Google understandably doesn’t offer that functionality.
(since they want you to keep giving them plenty of online clicks to feed their advertising model)

So now what?

At this point in the conversation, it’s important to share some legal realities on this point…

YouTube officially frowns on the downloading of their videos through other technologies. This would break their terms of service.
Plus, you don’t own the copyright on someone else’s content.
YouTube does suggest one exception if you are trying to download your own content.

So in this particular case I wanted to download specific imagery of Barrett juggling Styrofoam snowballs.
But I didn’t create the actual content… Google did.

Hmmmm… How gray is that?
(Next question…)

So I’ll simply say I may have considered the following investigative mission.

Think of this as solely a theoretical exercise…

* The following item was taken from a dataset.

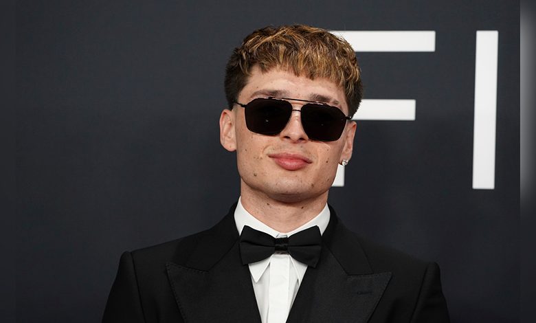 Peso Pluma llega a los Premios Grammy 2025 con un look elegante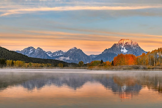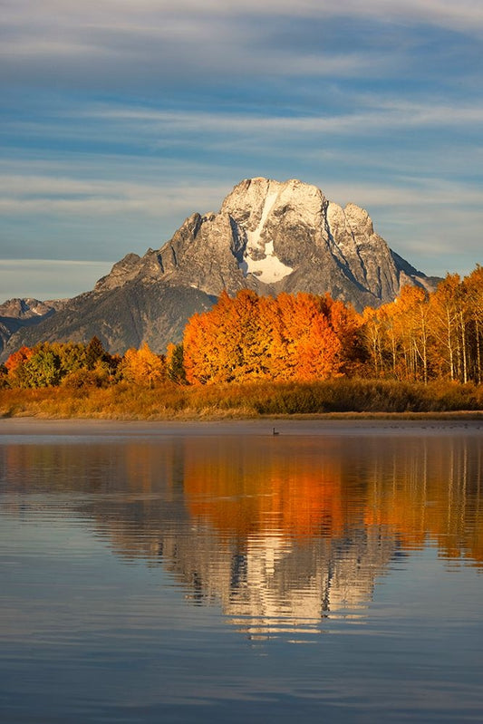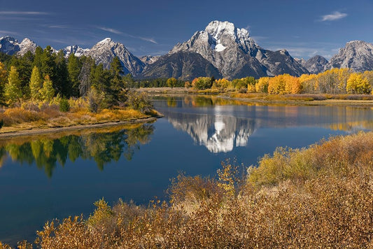 Autumn view of Mount Moran and Snake River-Grand Teton National Park-Wyoming White Modern Wood Framed Art Print with Double Matting by Jones, Adam

How to Download a YouTube Video
I quickly realized I wasn’t alone in this intellectual query.

There are a whole lot of players out there offering to help you out…

Keepvid.com
But I was interested in finding a quick, ‘relatively’ mainstream solution that didn’t require additional software downloads…

I asked a few friends, (a Gen X and a few Gen Ys)
and they immediately replied…
“KeepVid!”

Seems I’m a little late to the party…

Keepvid.com has actually been around for years…
And after doing a little research, I saw it’s often mentioned as a major player in this space.

KeepVid’s usability is pretty straightforward.
There’s only one annoying pothole to avoid.
Don’t click on the ‘Download’ or ‘Play Now’ buttons on the top of the page.
Those misdirect you to advertisements.

PCWorld has posted this useful ‘how-to video’ on using KeepVid.

A Decision for Another Day?
So there you have it.
Do proceed conscientiously…

And to repeat, this is all simply an exercise of the mind…
A noggin rumination, if you will.

If the Shoe Fits…
That there are effective ways to force video content off a webpage is not a happy reality for many multimedia-hosting websites.
But it should also give you pause…

  • If you upload your own videos to share on these websites…
  • Then set their permissions as non-downloadable…
  • And believe that they are safely ‘not grabbable’

…think again.

If you upload your own multimedia content into the universe, there are always ways for others to get it.
(yeah)

Now, we’ve come full circle.

Enough said.

All right, enough worrying for one post…
Now, go make your own snow globe video and have some fun!